CVX vs fmincon for sum of exponentials


(Hugh) #1

I have a convex function that would be written in matlab as

f(x) = sum( a.*exp(b.*x) );

where a is a vector of non-negative reals, b is a vector of reals (more often than not negative), and x is a vector of reals. From the composition rules, this is convex, as it is the sum of positive scalars times convex functions.

I would like to minimize f subject to the constraint

c(x) - C <= 0

c(x) = c_0 * sum( exp( x) );

where c_0 and C are specified positive constants. My question is related to syntax, how can I write element wise multiplication like I have for f?

I have been using fmincon for this, but would like to move away from requiring the optimization toolbox, both because I have convexity I should be able to exploit and because I want something open source.

I have a minimal working example, which shows fmincon beating CVX, and given the problem is convex, I don’t think this should be the case, thus I suspect I have gotten something wrong syntactically.

One note: this is a toy version, in practice x is much larger, and I don’t know its length in advance, I only receive a and b which are of the same length and obey the rules I mentioned previously. So for any final solution i could not write something like

sum( a(1)*exp(b(1)*x(1)) + a(2)*exp(b(2)*x(2)) )

CODE:

% CVX

a = 1.0e-04 * [0.9, 0.05, 0.04];
b = [ -11.1 -5.11 -5.05 ];

n = numel(a);
c_0 = 2; C = 2;
cvx_begin
variables x(n)
minimize sum( aexp(bx) )
subject to
c_0 * sum(exp(x)) - C <= 0
cvx_end

x_cvx = x’;

% FMINCON

f = @(x) fM(x,a,b);
c = @(x) cM(x,c_0,C);

[x,fval] = fmincon( f, zeros(size(a)),[],[],[],[],[],[],c);
x_fmincon = x;

f(x_cvx) % This gives 0.153158
f(x_fmincon) % This gives 0.05774

% functions for passing anonymously to fmincon
function [f,fx] = fM(x,a,b)
f = sum( a.* exp(b.*x) );

if nargout >1
fx = a .b . exp( b.*x);
end
end
function [c,ceq] = cM(x,c0,C)
c = c0 * sum( exp( x) ) - C;
ceq = [];
end


(Mark L. Stone) #2

You have mismatched dimensions between x(n0, which is n by 1, and a and b, which are 1 by n.

variable x(n)
minimize(sum( a'.*exp(b'.*x) ))

will work, or

variable x(1,n)
minimize(sum( a.*exp(b.*x) ))

In order to improve execution speed and reliability, you can try installing the open source CVXQUAD https://github.com/hfawzi/cvxquad , including its exponential.m replacement for CVX’s` exponential.m as described at the link, For your problem, an additional modification is needed (after my corrections above are made) in order for CVXQUAD’s Pade approximant to be invoked instead of CVX’s successive approximation method.

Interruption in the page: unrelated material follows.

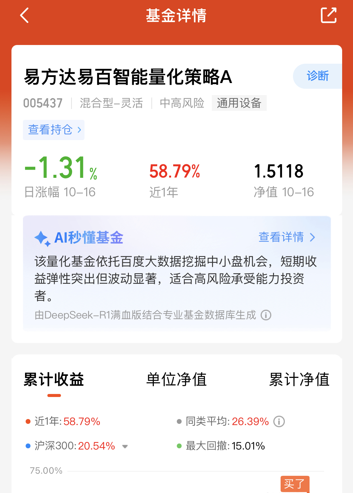 今日市场板块轮动依旧快,消费、科技涨跌切换,单押赛道太难。打算加仓$易方达易百智能量化策略A(OTCFUND|005437)$,它靠智能模型选股,不凭主观判断,震荡市里更灵活。这只基业绩也不错,近半年涨36.83%、近一年飙至58.79%,远超不少主动基金。持仓分散在多行业,既能抓热门机会,又能降单一行业风险。基金经理有8年量化经验,模型迭代成熟,今天继续补仓,借量化之力稳稳跟行情。

This should invoke CVXQUAD;s Pade apprxoimant instead of CVX’s successive approximation method, and should be faster than the successive approximation method.

cvx_begin
variable x(n)
minimize(sum( a'.*exp(b'.*x) ))
    subject to
        sum(exp(x))  <= C/c_0
cvx_end

Please try your full-sized problem before and after installing CVXQUAD, and tell us what the differences in execution time and results are.


(Hugh) #3

So there was an answer here a few moments ago which seems to have disappeared… Either way I made some changes, and it runs now, but is much much slower.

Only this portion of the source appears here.